Développement Durable/ONU : les acquis sont en train d’être annulés, en particulier dans les pays les plus pauvres

Les acquis en matière de développement sont en train d’être annulés, en particulier dans les pays les plus pauvres, indique l’Organisation des Nations Unies, alors qu’il ne reste que six ans pour atteindre les Objectifs du Développement Durable (ODD), prévenant que si la tendance actuelle se poursuit, l’ONU estime que 600 millions de personnes continueront de vivre dans l’extrême pauvreté en 2030 et au-delà, dont plus de la moitié sont des femmes.
« Nous traversons une crise de développement durable, à laquelle les inégalités, l’inflation, la dette, les conflits et les catastrophes climatiques ont tous contribué », a affirmé le Secrétaire général adjoint de l’ONU aux affaires économiques et sociales, Li Junhua.
Dans un nouveau rapport publié mardi, l’ONU a prévenu que seules une augmentation massive des financements et une réforme de l’architecture financière internationale peuvent sauver les ODD.

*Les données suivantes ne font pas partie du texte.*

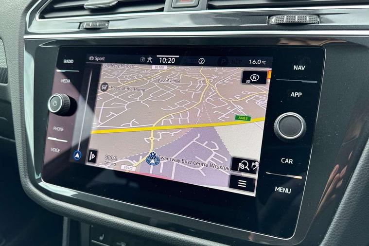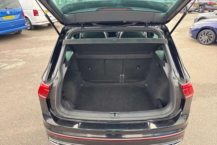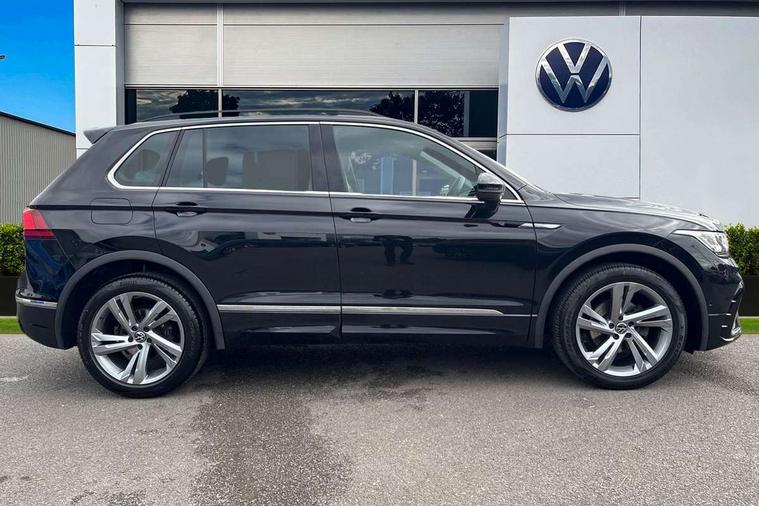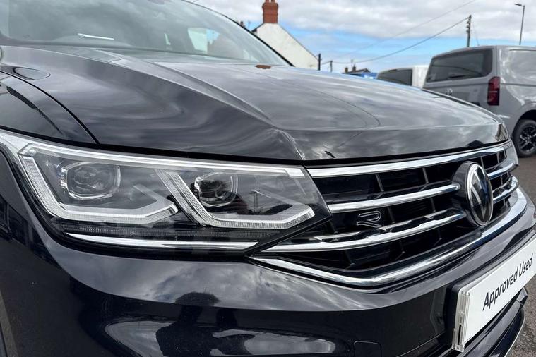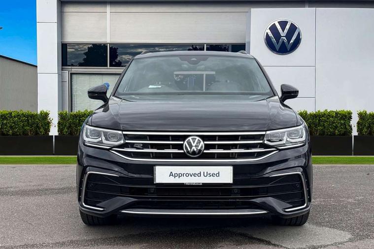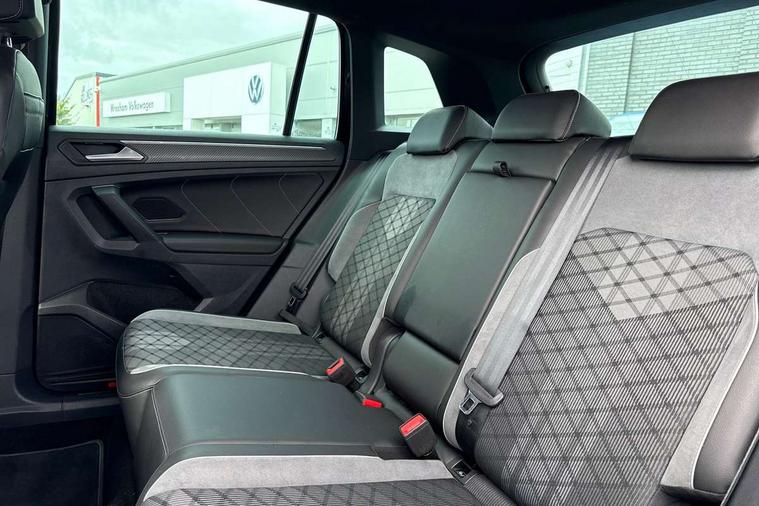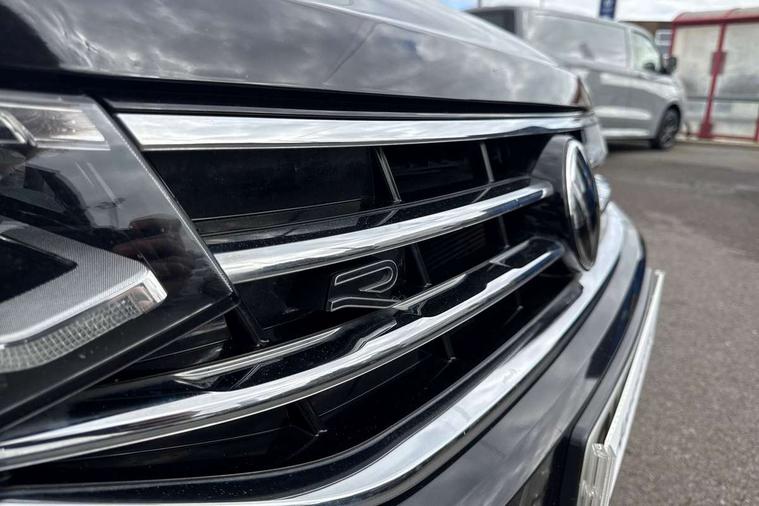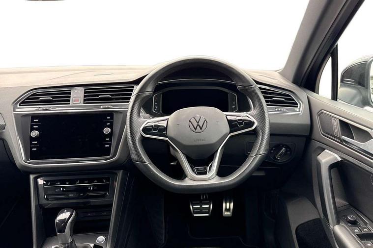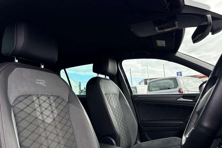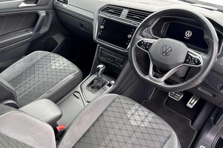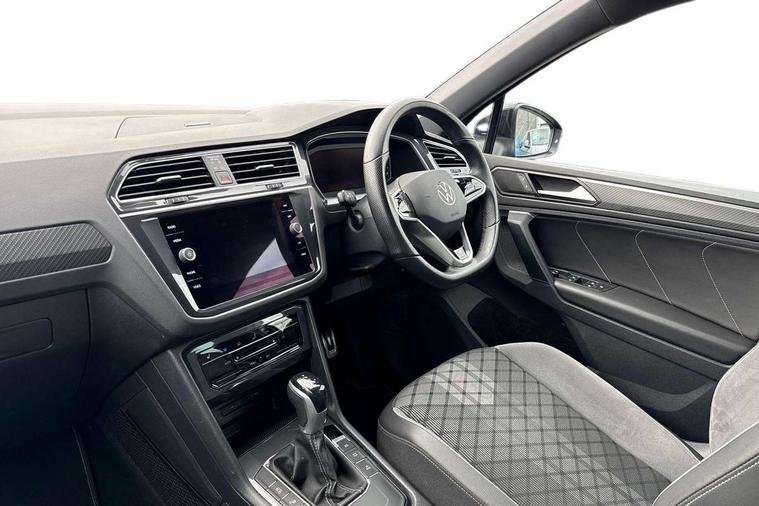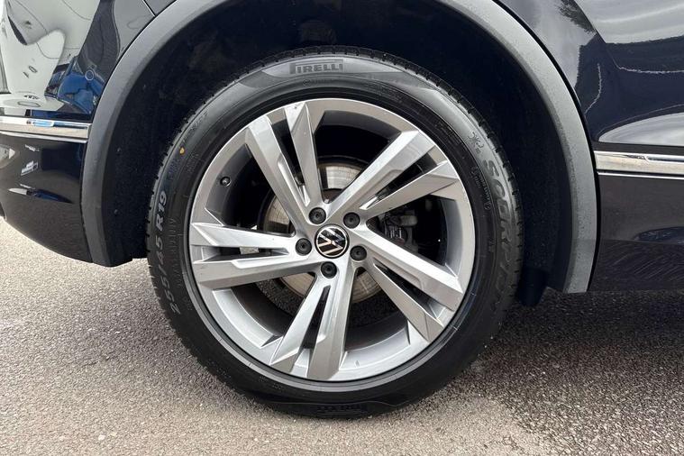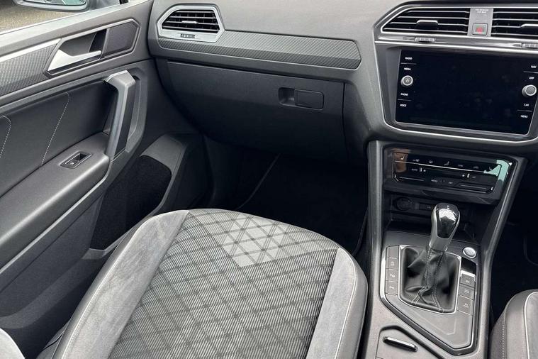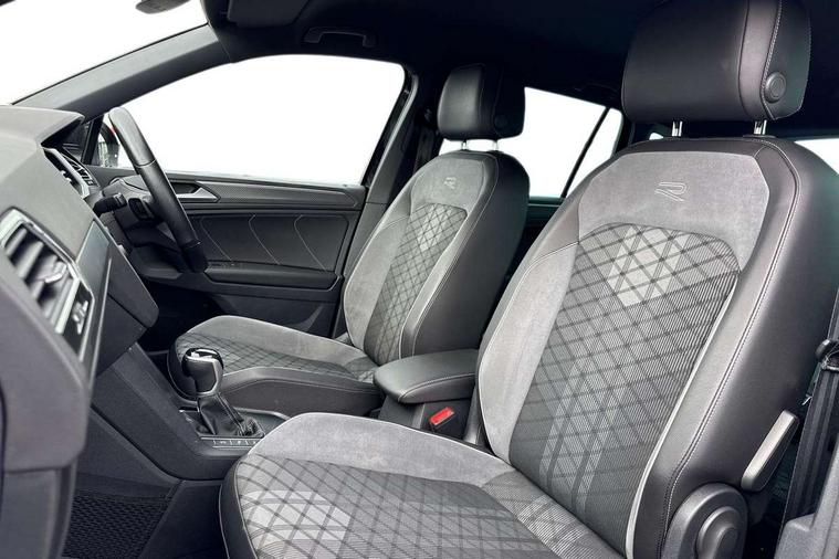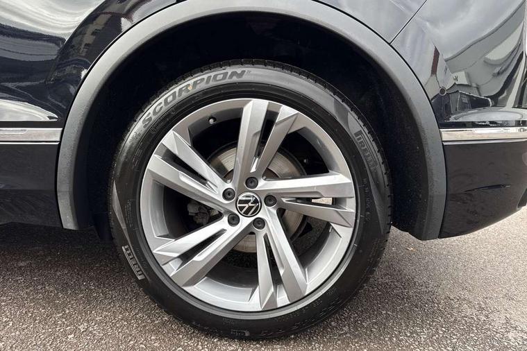 Adaptive cruise control ACC stop and go including speed limiter, App-Connect incl. App-Connect Wireless for Apple CarPlay and Android Auto, Bluetooth phone integration system, Comfort drive travel assist, Digital cockpit pro, Driver alert system, Driver profile selection, Dynamic road sign display, eCall emergency call system, Electromechanical speed sensitive power steering, Emergency assist, Front and rear parking distance sensors, Instrument cluster mph speedometer Great Britain, Lane keeping system Lane Assist, Lights on warning, Multifunction front facing camera, Outside temperature display, Premium multifunction display with multi colour display, Preparation for subsequent activation Navigation feature Discover Media includes Streaming and Internet, Remote control boot opening, Rev counter, Service interval indicator, Speed limit display, Start/stop system with regenerative braking, Tailgate/trunk lid unlocking from outside, Trip computer, Warning sound and light for doors and tailgate open, Battery regeneration during braking, Sports suspension, 8 Speakers, Digital radio reception DAB+, Diversity antenna for FM reception, Radio, Auto dimming interior rear view mirror, Automatic headlight control system, Body colored bumpers in R-Line style, Body colored exterior mirror housings, Body colour door handles, Chrome moldings on the side windows, Coming/leaving home lighting function, Dynamic headlight range control, Front and rear electric windows, Heated rear window, High level 3rd brake light, Laminated safety glass windshield, heat and sound insulating, LED headlamps with LED separate daytime running light and dynamic cornering light, LED rear combination lamps, LED rear number plate lights, License plate carrier in front and rear, Poor weather light and cornering light, Power adjustable, folding and heated door mirrors with surround lighting, front passenger exterior mirror lowering function, Privacy glass for rear side windows and rear window, R Line body kit, R Line side sills, Rain sensor, Rear exhaust tailpipe, Rear fog lamp, Rear side wing doors, Rear spoiler in R style, Rear windscreen washer and wiper with interval delay, Side and rear windows in heat insulating glass, Trailer Stability Programme, Unique R Line badging, Windscreen wipers/ intermittent wipe + 4 position delay, 12V outlet in center console rear and in luggage compartment, 12V outlet in front and tray, 2 LED front reading lights, 2 LED rear reading lights, 3 bench rear seats in 2nd row, 3 rear headrests, Air Care Climatronic 3 zone automatic climate control with enhanced air filter and controls in the rear, Art Velours greyson sports cloth upholstery, Backrest release for left front seat, Black headlining, Brushed stainless steel pedals and footrest, Carpet mats in front and rear with decorative stitching in Gray, Climate control unit rear with touch function, Door and side trim panel in foam film, insert in leatherette, Driver + front passenger lumbar support, Front footwell illumination, Front scuff plates in aluminum with R-Line logo, Front seats head restraints (x-adjustment), Height adjustable front seats, Height/reach adjust steering wheel, Isofix Preparation 2 Rear child seats, Leather gear knob, Rear bench seat asymetrically split folding, longitudinally movable and folding with load-through hatch and center armrest, Remote unlocking for rear seat backrest, Single front passenger seat, Sun visors with illuminated vanity mirrors, Top front comfort seats, Winter pack - Tiguan, 3 point seat belt for centre rear seats, 3 point seat belts with seat belt pretensioners for the outer rear seats, Curtain airbags for front and rear passengers, Driver/Front Passenger airbags, Drivers knee airbag, Electronic parking brake with auto hold, Electronic Stability Control with driver steering recommendation, ABS, ASR, EDL, EDTC and trailer stabilization, Front assist with autonomous emergency braking (for Adaptive Cruise Control ACC up to 130 mph), Front disc brakes, Front passenger airbag deactivation, Front side airbags, Height adjustable front 3 point seatbelts + pretensioners, Manual child proof rear door locks, Pedestrian monitoring system, Proactive passenger protection system in combination with front assist, Rear disc brakes, Two tone horn, Tyre pressure loss indicator, Warning sound and light for front seat belts if unfastened, Warning triangle, Anti theft alarm system with interior monitoring, backup horn and towing protection, Anti theft wheel bolts, Electronic engine immobiliser, Keyless locking and starting system keyless access with safelock, Chrome elements on the mirror switch power window switches and door pulls, Decorative inserts Carbon Gray for dashboard and front door trim panels, Interior door handle in matte chrome, 19" Valencia alloy wheels with AirStop tyres, Tool kit, Tyre mobility kit Includes 12V compressor and tyre sealant,

Le rapport sur le financement du développement durable 2024 : « Le financement du développement à la croisée des chemins », affirme que les défis de financement sont au cœur de la crise mondiale du développement durable, alors que le fardeau de la dette et les coûts d’emprunt exorbitants empêchent les pays en développement de répondre à la confluence des crises auxquelles ils sont confrontés.
Le document indique que des mesures urgentes sont nécessaires pour mobiliser des financements à grande échelle afin de combler le déficit de financement du développement, désormais estimé à 4.200 milliards de dollars par an, contre 2.500 milliards de dollars avant la pandémie de Covid-19.
Parallèlement, les tensions géopolitiques croissantes, les catastrophes climatiques et la crise mondiale du coût de la vie ont frappé des milliards de personnes, freinant les progrès en matière de soins de santé, d’éducation et d’autres objectifs de développement.
« Ce rapport est une nouvelle preuve du chemin qu’il nous reste encore à parcourir et de la rapidité avec laquelle nous devons agir pour réaliser le Programme de développement durable à l’horizon 2030 », a déclaré, pour sa part, la Vice-Secrétaire générale de l’ONU, Amina J. Mohammed, soulignant que « nous sommes vraiment à la croisée des chemins et le temps presse ».
Mme Mohammed a en outre appelé les dirigeants à aller au-delà de la simple rhétorique et tenir leurs promesses, et « sans un financement adéquat, les objectifs de 2030 ne pourront être atteints ».
Le rapport considère le Sommet des Nations Unies sur le futur en septembre 2024 comme une opportunité cruciale de changer de cap.
Il souligne que la quatrième Conférence internationale sur le financement du développement de juin 2025 est le moment critique pour les pays de s’engager à combler le déficit de financement du développement et d’investir dans la réalisation des ODD.
Le rapport est un produit conjoint du Groupe de travail inter-institutions sur le financement du développement, qui comprend plus de 60 agences des Nations Unies et organisations internationales.